• Shareholders want statement of affairs from central bank
  • Deposit payouts should be made on pro-rata basis, they say

Shareholders of Imperial Bank Ltd., one of three Kenyan lenders placed under statutory management since August, demanded a fair price for their assets that may be acquired by a rival lender as part of a process to rescue the company.

The Central Bank of Kenya announced on June 21 that NIC Bank Ltd. would take over some of Imperial’s deposits and assets after shareholders failed to provide assurances on how to reopen the bank. The lender was taken over by regulators in October after the central bank became aware of “unsafe or unsound business conditions’’ at Imperial.

“Any acquisition of assets must be at a fair price and premium in order that the inherent value in the bank’s assets will be available for return to depositors, bondholders and creditors,” according to a statement signed by shareholders including East African Motor Industries Ltd. and Kenblest Ltd. and published in Kenyan newspapers Friday.

The shareholders also demanded a “statement of affairs” be produced before any assets are cleaved off and information be provided on recoveries made so far. Plans to grant depositors access to about 40 percent of verified deposits above 2.5 million shillings ($24,680) would be detrimental to “large depositors” because they’re “far below the recoverable value of the assets of the bank.”

Pro-Rata Payments

It’s crucial that payouts “be made pro-rata in order to minimize any further value destruction through litigation by those who feel they are not being treated equitably and in accordance to the law,” the shareholders said.

NIC, Kenya’s ninth-biggest lender by market value, plans to obtain the Imperial assets in return for assuming the liabilities or deposits of the failed bank, Chief Executive Officer John Gachora said June 21. A due diligence study is under way and is expected to be completed by the time its receivership expires on Oct. 12, he said.

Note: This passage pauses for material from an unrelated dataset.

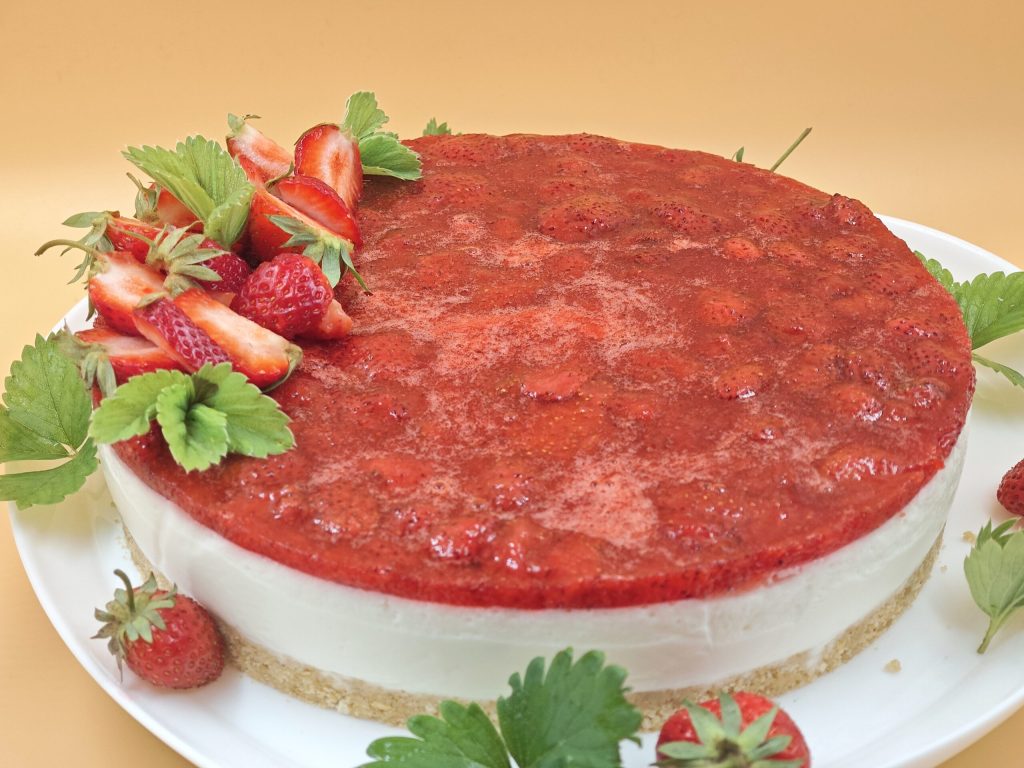 Una tarta deliciosa, muy fresca hecha sin cocción con ingredientes sencillos como el yogur, la nata y las fresas. ¡Esta tarta es el postre perfecto al final de una comida o como merienda por la tarde, se puede llevar a amigos y familiares, en fin, es perfecta en cualquier momento!

Kenya’s banking industry is consolidating after the collapse of three lenders over the past year and as the government tightens capital requirements for the industry. The $61 billion economy is over-banked, with 42 banks serving more than 40 million people, compared with 22 banks in Nigeria, which has a population of 180 million and gross domestic product that is nine times bigger, according to Cytonn Investments Management Ltd., a Nairobi-based money manager.